*Data for this task:*
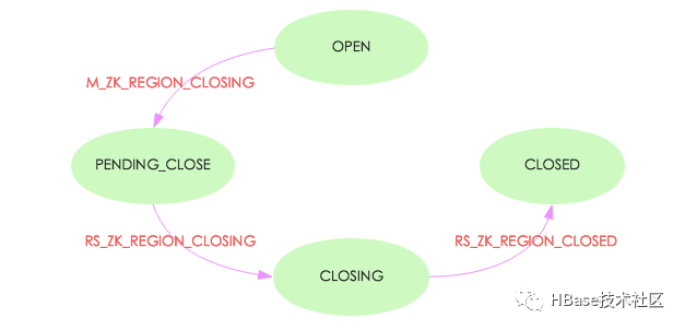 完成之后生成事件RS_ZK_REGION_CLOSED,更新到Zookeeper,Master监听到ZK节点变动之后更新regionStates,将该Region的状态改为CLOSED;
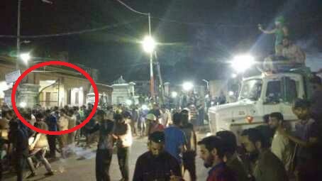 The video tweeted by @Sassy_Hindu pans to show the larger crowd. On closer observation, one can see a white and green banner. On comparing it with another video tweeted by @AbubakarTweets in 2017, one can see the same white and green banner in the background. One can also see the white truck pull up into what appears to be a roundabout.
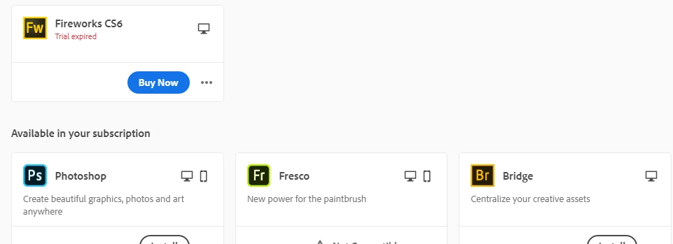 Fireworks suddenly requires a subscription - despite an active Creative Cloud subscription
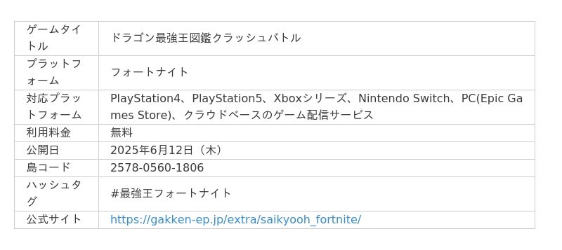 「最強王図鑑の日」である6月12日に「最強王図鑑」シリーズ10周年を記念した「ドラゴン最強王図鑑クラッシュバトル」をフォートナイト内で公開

==

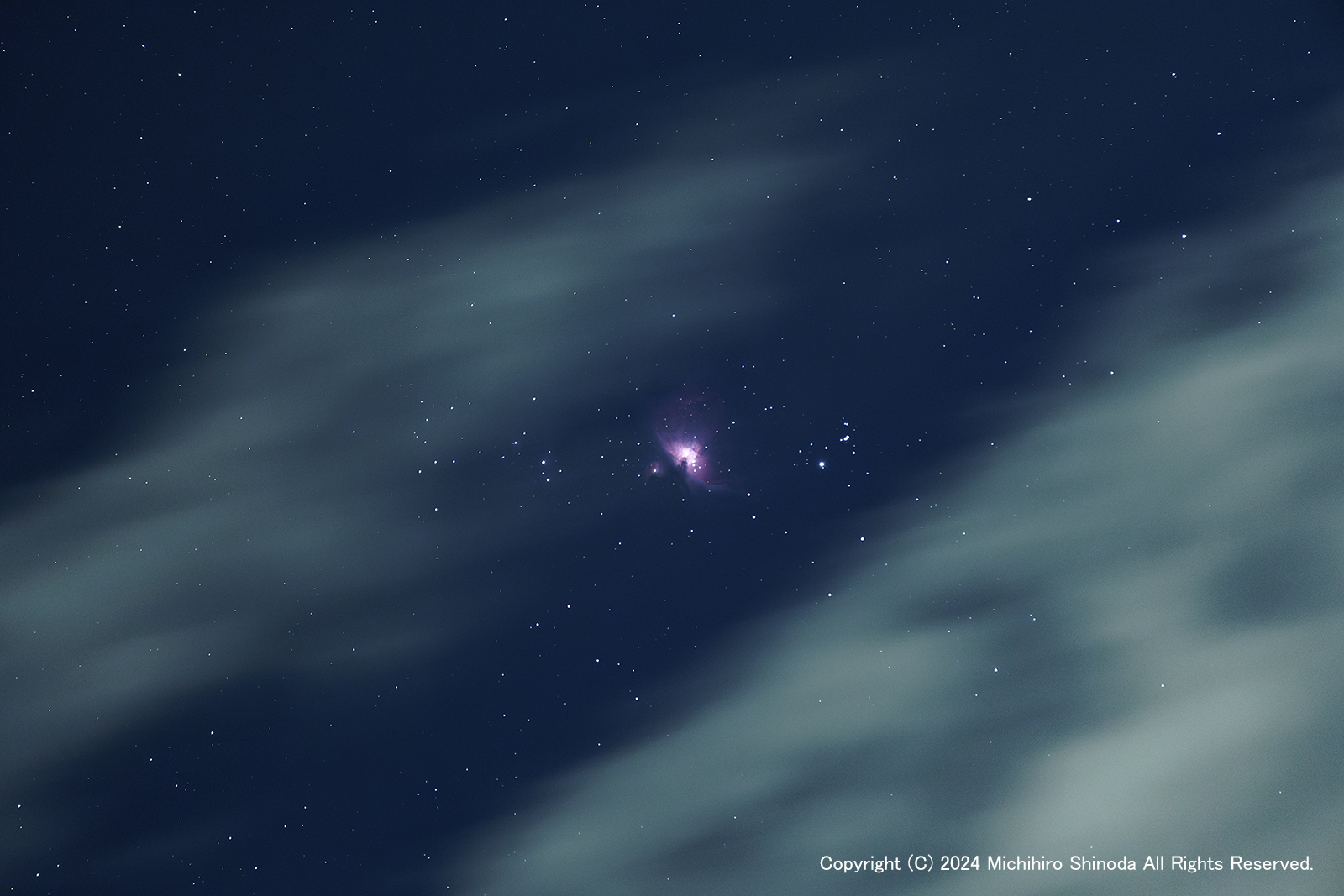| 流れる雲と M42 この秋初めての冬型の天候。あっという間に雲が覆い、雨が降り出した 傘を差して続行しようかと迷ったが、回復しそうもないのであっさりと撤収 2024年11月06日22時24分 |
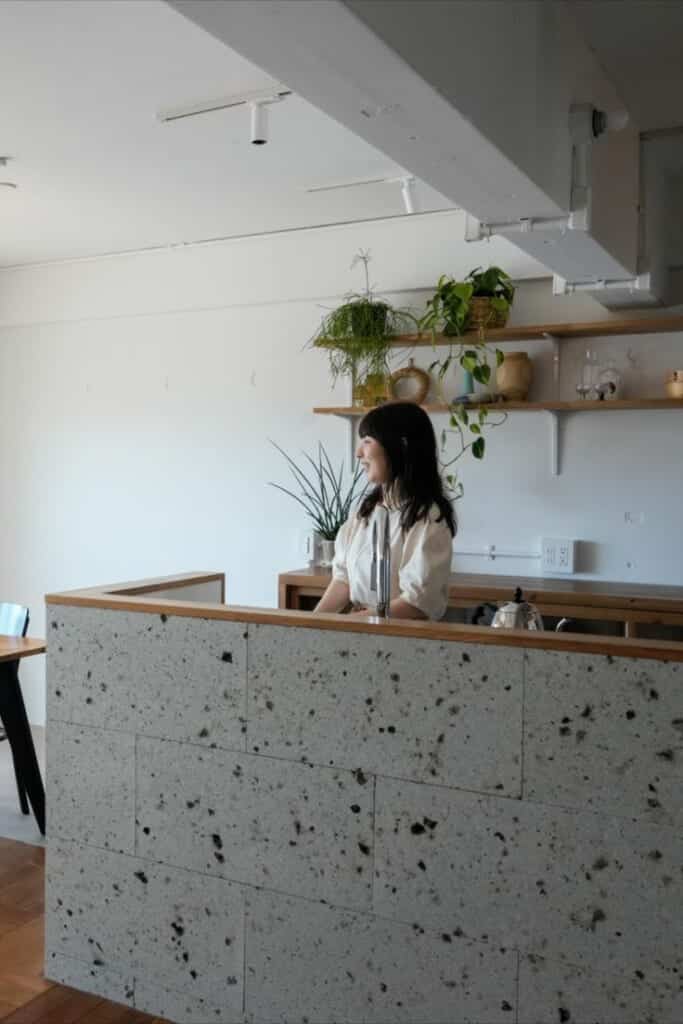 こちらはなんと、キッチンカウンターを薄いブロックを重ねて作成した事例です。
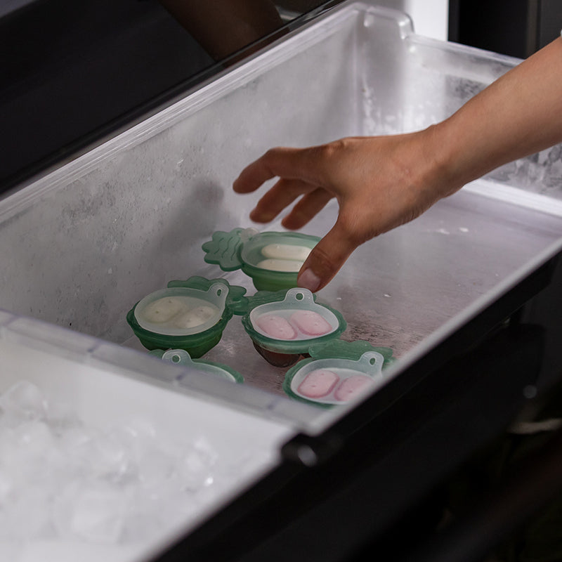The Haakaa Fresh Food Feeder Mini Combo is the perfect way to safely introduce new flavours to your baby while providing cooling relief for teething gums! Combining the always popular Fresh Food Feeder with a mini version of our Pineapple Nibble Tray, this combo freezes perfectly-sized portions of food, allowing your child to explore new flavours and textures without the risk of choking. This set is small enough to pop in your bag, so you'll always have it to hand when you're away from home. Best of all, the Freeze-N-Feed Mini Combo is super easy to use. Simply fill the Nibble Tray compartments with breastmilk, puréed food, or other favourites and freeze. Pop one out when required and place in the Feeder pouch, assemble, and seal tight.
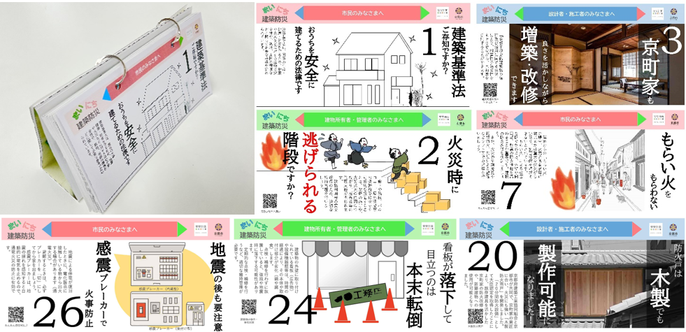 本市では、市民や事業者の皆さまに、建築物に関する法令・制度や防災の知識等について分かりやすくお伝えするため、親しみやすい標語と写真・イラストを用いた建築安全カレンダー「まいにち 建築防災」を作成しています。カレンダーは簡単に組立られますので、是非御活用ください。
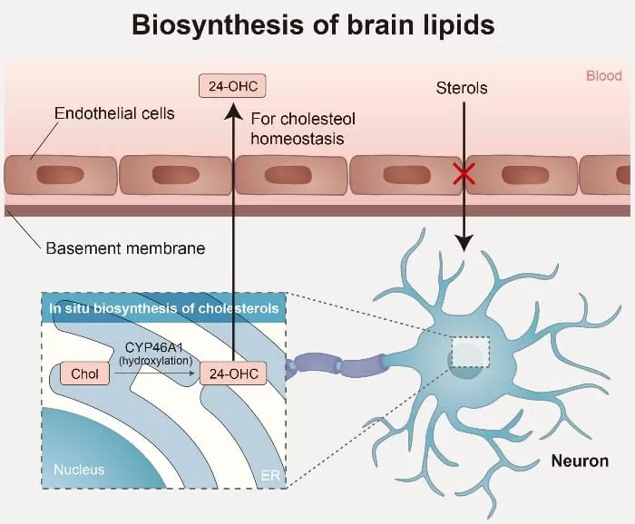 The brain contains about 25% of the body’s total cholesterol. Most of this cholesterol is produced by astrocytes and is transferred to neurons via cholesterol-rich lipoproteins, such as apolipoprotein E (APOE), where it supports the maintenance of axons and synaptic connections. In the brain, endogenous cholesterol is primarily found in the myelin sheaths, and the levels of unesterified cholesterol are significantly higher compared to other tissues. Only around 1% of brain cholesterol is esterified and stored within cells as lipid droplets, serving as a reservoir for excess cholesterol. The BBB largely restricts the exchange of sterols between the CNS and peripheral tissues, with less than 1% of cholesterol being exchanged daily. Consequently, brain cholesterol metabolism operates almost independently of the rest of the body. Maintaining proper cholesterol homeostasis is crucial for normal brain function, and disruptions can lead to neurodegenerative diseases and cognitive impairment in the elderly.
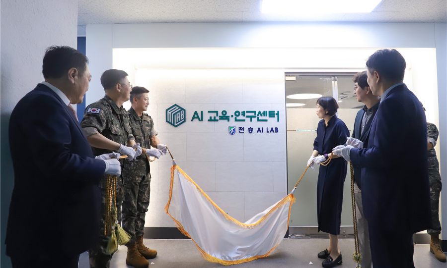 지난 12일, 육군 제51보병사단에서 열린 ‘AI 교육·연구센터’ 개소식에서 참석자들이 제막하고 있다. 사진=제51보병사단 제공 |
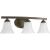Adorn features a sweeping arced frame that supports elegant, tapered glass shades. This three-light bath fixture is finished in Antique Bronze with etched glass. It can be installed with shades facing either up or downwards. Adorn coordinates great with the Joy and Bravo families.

*What you have to do:* Although pictures appear among the records above, write out exactly only the lines from the one that has "傘を差して続行しようかと迷ったが、回復しそうもないのであっさりと撤収 2024年11月06日22時24分 |" through the one that has "こちらはなんと、キッチンカウンターを薄いブロックを重ねて作成した事例です。", and leave the pictures out.

*Task result:*
| 流れる雲と M42 この秋初めての冬型の天候。あっという間に雲が覆い、雨が降り出した 傘を差して続行しようかと迷ったが、回復しそうもないのであっさりと撤収 2024年11月06日22時24分 |
 こちらはなんと、キッチンカウンターを薄いブロックを重ねて作成した事例です。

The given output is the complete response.